- [Your task]
Write out the listing from the line with "Choker Set Indian" to the line with "Porte livre léger", both lines included, exactly and nothing beyond. Leave pictures out.

- [Given records]

----------------------------------------

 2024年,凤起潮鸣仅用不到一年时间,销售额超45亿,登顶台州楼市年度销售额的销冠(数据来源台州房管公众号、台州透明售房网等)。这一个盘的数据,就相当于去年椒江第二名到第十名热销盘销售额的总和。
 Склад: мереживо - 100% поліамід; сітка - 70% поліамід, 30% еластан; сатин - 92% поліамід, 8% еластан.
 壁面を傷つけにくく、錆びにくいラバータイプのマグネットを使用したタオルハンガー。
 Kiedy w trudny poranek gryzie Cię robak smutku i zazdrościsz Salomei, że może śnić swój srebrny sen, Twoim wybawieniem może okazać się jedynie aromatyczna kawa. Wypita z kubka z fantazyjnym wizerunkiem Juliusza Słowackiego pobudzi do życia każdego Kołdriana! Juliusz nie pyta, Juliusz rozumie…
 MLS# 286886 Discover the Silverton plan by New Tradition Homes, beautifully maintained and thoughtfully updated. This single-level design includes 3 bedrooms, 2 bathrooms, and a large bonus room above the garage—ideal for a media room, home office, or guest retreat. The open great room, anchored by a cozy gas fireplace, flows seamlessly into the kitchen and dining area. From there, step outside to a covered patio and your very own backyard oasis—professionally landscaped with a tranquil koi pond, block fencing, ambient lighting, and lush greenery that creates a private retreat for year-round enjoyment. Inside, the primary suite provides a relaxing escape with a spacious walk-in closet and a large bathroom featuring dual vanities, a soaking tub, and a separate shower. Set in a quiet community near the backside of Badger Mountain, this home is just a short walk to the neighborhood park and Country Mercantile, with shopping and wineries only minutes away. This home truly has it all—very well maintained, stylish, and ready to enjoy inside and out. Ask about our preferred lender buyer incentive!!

----------------------------------------

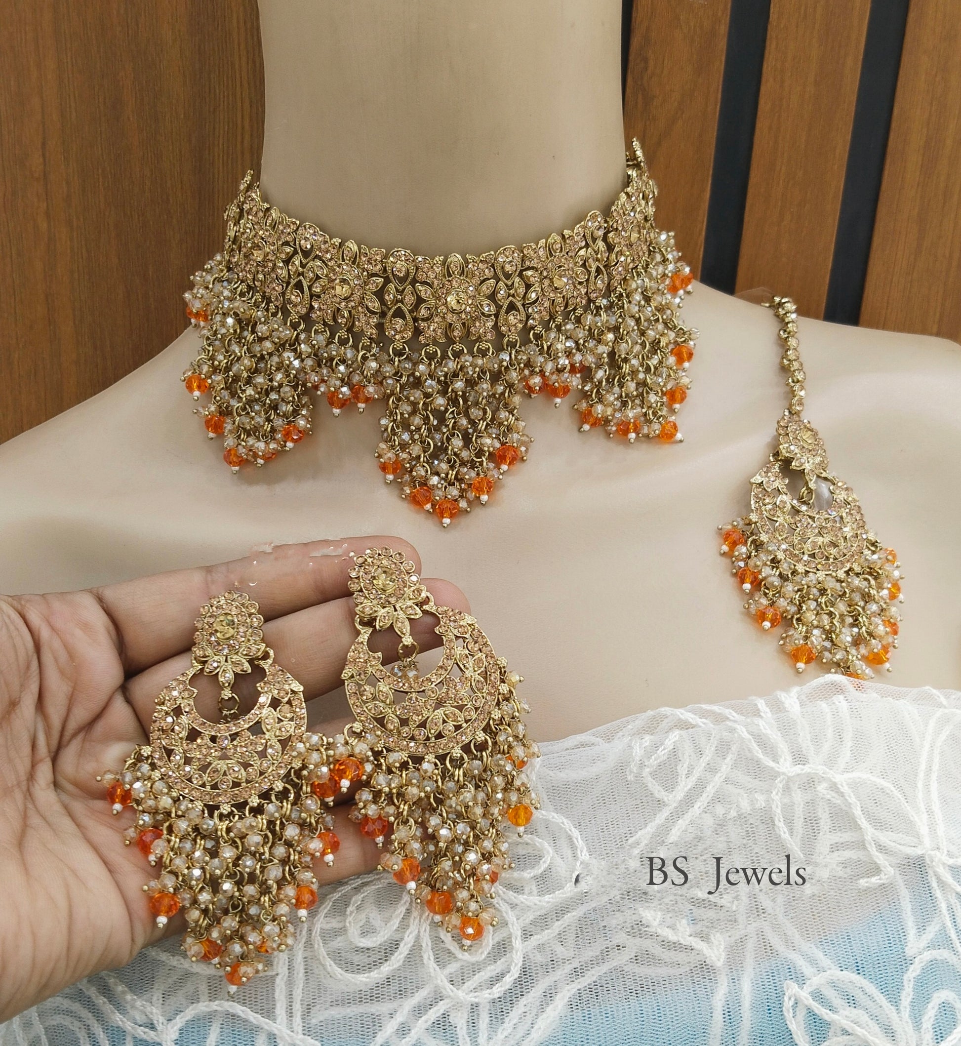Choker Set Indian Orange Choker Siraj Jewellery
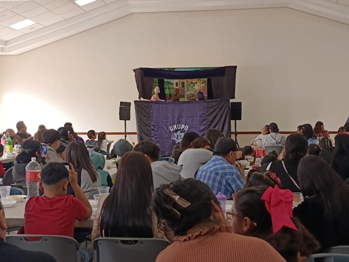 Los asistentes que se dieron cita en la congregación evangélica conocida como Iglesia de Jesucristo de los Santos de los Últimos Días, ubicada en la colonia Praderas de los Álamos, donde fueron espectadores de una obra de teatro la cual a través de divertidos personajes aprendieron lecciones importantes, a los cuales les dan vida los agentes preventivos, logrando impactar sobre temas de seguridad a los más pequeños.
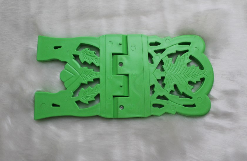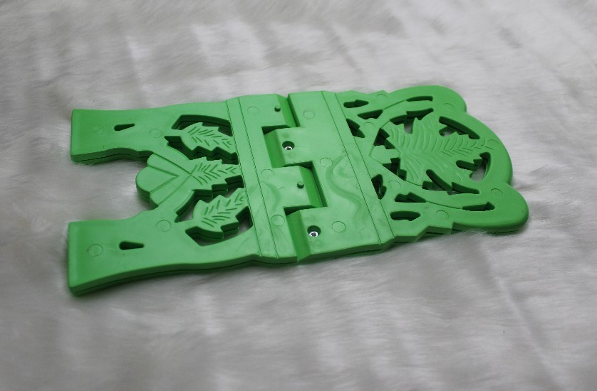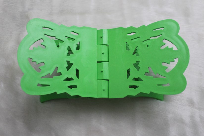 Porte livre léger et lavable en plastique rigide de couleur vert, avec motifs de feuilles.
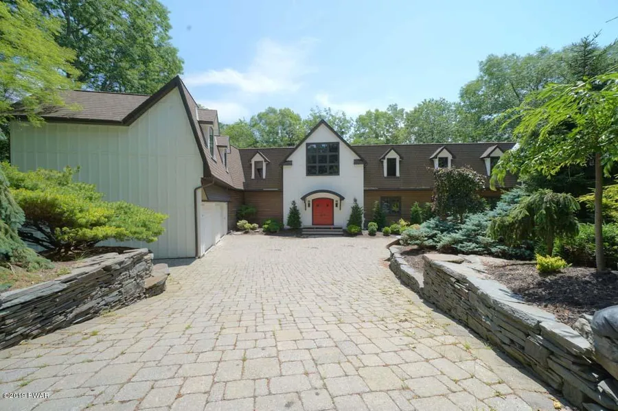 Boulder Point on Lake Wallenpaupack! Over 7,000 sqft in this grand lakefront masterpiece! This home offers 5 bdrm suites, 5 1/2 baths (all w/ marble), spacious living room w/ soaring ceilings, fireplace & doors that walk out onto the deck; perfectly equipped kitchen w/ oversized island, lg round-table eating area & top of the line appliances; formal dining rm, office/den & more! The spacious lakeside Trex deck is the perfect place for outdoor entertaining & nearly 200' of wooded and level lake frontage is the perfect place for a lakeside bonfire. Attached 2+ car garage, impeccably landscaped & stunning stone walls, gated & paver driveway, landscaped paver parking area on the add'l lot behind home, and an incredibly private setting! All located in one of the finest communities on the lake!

----------------------------------------

- [Exercise solution]
Choker Set Indian Orange Choker Siraj Jewellery
 Los asistentes que se dieron cita en la congregación evangélica conocida como Iglesia de Jesucristo de los Santos de los Últimos Días, ubicada en la colonia Praderas de los Álamos, donde fueron espectadores de una obra de teatro la cual a través de divertidos personajes aprendieron lecciones importantes, a los cuales les dan vida los agentes preventivos, logrando impactar sobre temas de seguridad a los más pequeños.
 Porte livre léger et lavable en plastique rigide de couleur vert, avec motifs de feuilles.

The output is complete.